Paper No. 6
Presentation Time: 1:00 PM-5:00 PM
EVALUATION OF RAPID, POST-FIRE, STREAM CHANNEL VARIATION, DURANGO, COLORADO
The Missionary Ridge Fire burned over 70,000 acres during the summer of 2002 creating unstable conditions conducive to catastrophic debris flow events along the intensely burned steep slopes and high gradient stream channels north and east of Durango, Colorado. Prior to full containment of the fire, an automated, real-time rain-gage network was installed in the burn area by the USGS to monitor local precipitation events. The network consisted of 13 stations equipped with automated tipping bucket rain-gages that provided accurate, site-specific precipitation data.

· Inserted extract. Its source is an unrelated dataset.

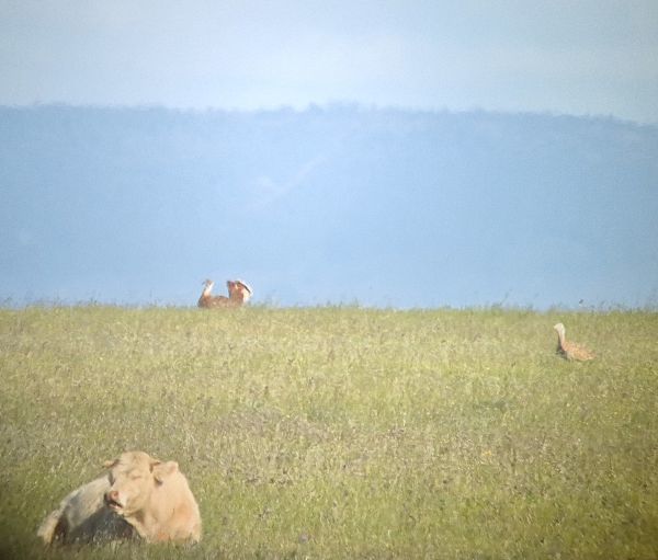 We then located a female Great Bustard on the ground with a male in display-mode strutting his stuff not far behind her. Whilst watching this pair a Little Bustard appeared in the grass, a male but he wasn't displaying just then.
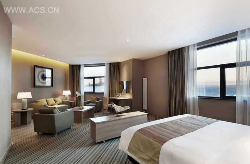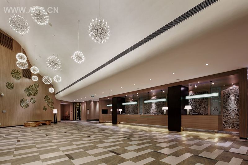 在保持其连锁酒店风格的界定上,无论是大堂抛物线形层叠的天花,会议室绿意渐变的地毯,还是餐厅中央的地灯、透视感的屏风等装饰小品,都融入了轻快、动感的感情基调。而大堂与大堂吧的会谈区、餐厅用餐区的开放性空间设计,更巧妙模糊掉了商务功能区带来的严肃压抑的弊端。卧室的暖色光线则为度假的身心送去了恰到好处的舒适美感。

Eleven stream drainages from three separate basins in the burn area were selected for detailed stream channel measurement studies; six in the Animas River drainage basin, one in the Florida River drainage basin, and three in the Vallecito drainage basin. Cross-sectional area of the stream channels was measured between August and October, 2002; measurements were taken following significant precipitation events registered by the rain gages. The discharge measurements were directly compared to the estimated total rainfall over the local drainage basin. Stream channel morphology and massive debris flows were observed following storms with rainfall intensities exceeding 0.15 of precipitation per hour. Several stream drainages registered rapid and dramatic morphologic channel change. In Coon Creek, below the measured section, channel fill in excess of 25 vertical feet from a 1.72 storm was observed. Variations in channel morphology, either rapid incision or deposition, depended upon the local geology, intensity and duration of the each storm event, and the longitudinal position within the drainage channel.